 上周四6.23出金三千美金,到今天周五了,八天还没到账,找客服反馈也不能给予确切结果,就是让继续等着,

----

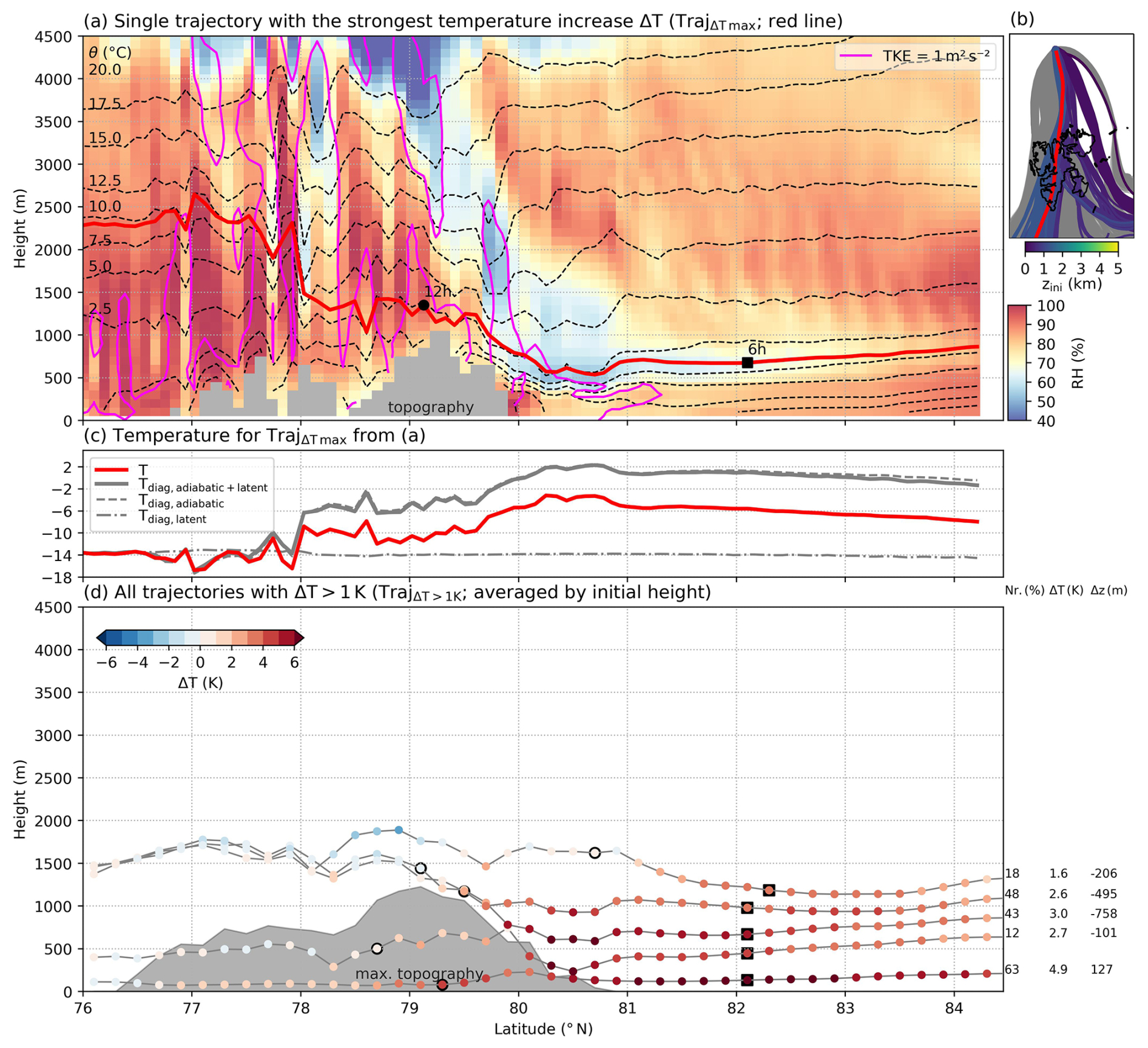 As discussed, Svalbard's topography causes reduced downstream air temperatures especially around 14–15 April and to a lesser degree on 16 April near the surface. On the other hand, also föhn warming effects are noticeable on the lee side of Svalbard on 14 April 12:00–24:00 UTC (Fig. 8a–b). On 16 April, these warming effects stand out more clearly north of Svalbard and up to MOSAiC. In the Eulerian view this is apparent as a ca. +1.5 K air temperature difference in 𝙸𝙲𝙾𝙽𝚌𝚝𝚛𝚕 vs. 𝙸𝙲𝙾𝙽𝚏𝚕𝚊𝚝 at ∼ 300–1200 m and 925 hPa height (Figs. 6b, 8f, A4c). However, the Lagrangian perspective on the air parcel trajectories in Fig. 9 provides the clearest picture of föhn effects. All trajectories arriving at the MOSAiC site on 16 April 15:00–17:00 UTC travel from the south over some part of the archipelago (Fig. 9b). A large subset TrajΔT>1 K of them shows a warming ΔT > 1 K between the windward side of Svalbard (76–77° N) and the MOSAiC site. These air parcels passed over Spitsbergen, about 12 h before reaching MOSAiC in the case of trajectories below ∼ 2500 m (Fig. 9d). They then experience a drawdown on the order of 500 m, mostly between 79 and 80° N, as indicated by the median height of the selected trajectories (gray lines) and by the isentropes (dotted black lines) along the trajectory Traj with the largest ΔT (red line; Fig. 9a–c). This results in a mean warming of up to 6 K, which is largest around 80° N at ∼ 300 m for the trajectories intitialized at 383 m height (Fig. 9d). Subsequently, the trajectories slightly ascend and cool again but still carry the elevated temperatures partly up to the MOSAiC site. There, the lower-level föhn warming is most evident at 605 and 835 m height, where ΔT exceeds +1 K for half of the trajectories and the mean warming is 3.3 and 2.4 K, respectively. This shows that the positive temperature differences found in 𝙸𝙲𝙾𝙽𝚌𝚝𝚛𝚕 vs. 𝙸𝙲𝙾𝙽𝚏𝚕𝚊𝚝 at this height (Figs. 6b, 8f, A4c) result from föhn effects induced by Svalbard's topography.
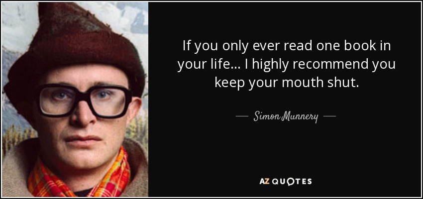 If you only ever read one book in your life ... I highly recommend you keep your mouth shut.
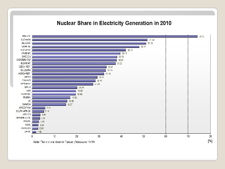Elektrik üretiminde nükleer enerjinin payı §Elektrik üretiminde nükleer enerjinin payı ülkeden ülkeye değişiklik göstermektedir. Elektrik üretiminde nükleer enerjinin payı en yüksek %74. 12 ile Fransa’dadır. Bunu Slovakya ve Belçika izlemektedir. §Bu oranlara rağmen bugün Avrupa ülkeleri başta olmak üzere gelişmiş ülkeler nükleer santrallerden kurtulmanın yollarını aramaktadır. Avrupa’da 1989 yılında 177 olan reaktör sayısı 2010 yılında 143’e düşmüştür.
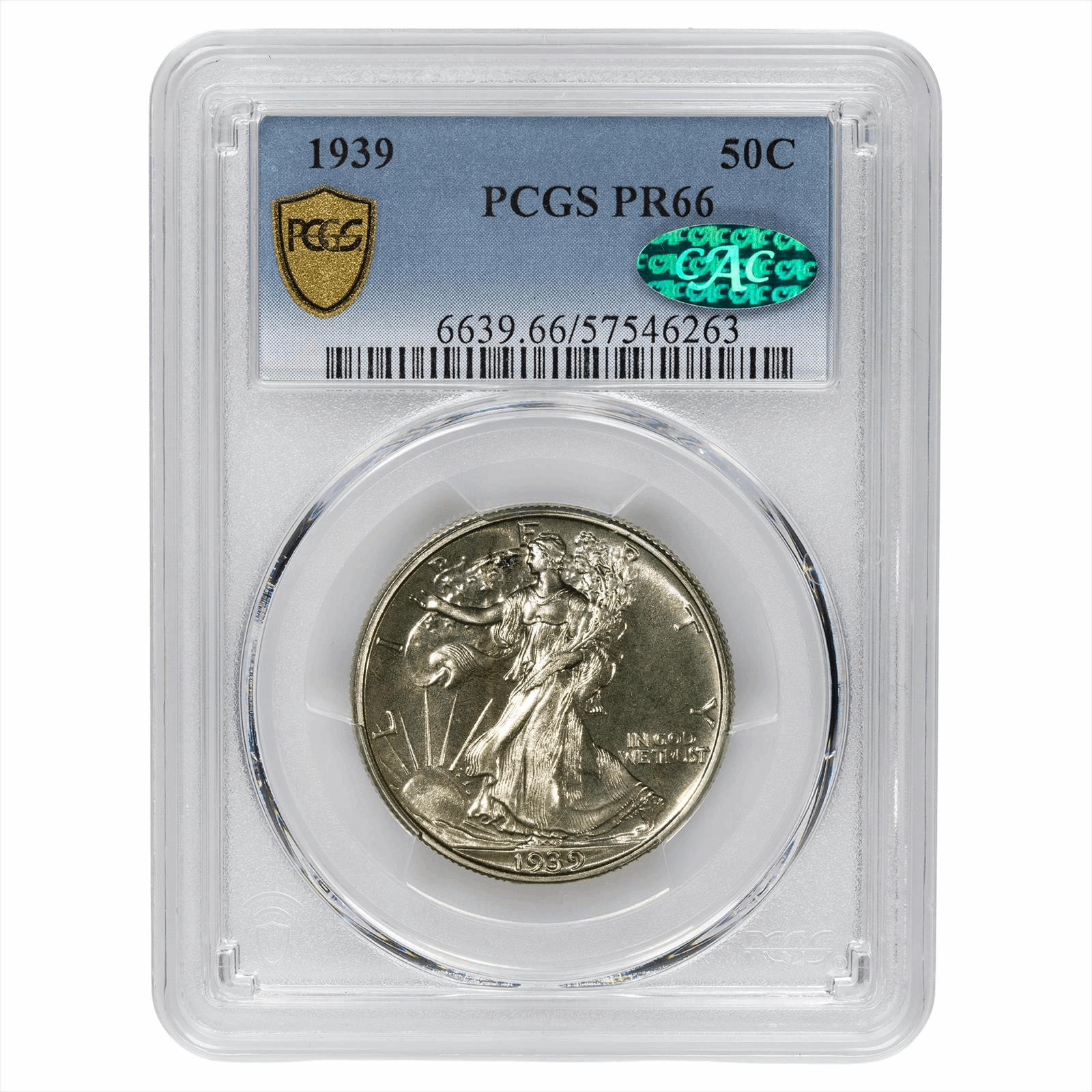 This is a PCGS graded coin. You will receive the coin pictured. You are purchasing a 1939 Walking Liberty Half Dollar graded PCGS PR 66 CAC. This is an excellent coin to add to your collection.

----

▶ [EXERCISE]: Reproduce the data above exactly, but only from the line containing "If you only" through the line containing "Elektrik üretiminde nükleer enerjinin payı §Elektrik". Omit all pictures.

▶ [TASK OUTPUT]:
 If you only ever read one book in your life ... I highly recommend you keep your mouth shut.
Elektrik üretiminde nükleer enerjinin payı §Elektrik üretiminde nükleer enerjinin payı ülkeden ülkeye değişiklik göstermektedir. Elektrik üretiminde nükleer enerjinin payı en yüksek %74. 12 ile Fransa’dadır. Bunu Slovakya ve Belçika izlemektedir. §Bu oranlara rağmen bugün Avrupa ülkeleri başta olmak üzere gelişmiş ülkeler nükleer santrallerden kurtulmanın yollarını aramaktadır. Avrupa’da 1989 yılında 177 olan reaktör sayısı 2010 yılında 143’e düşmüştür.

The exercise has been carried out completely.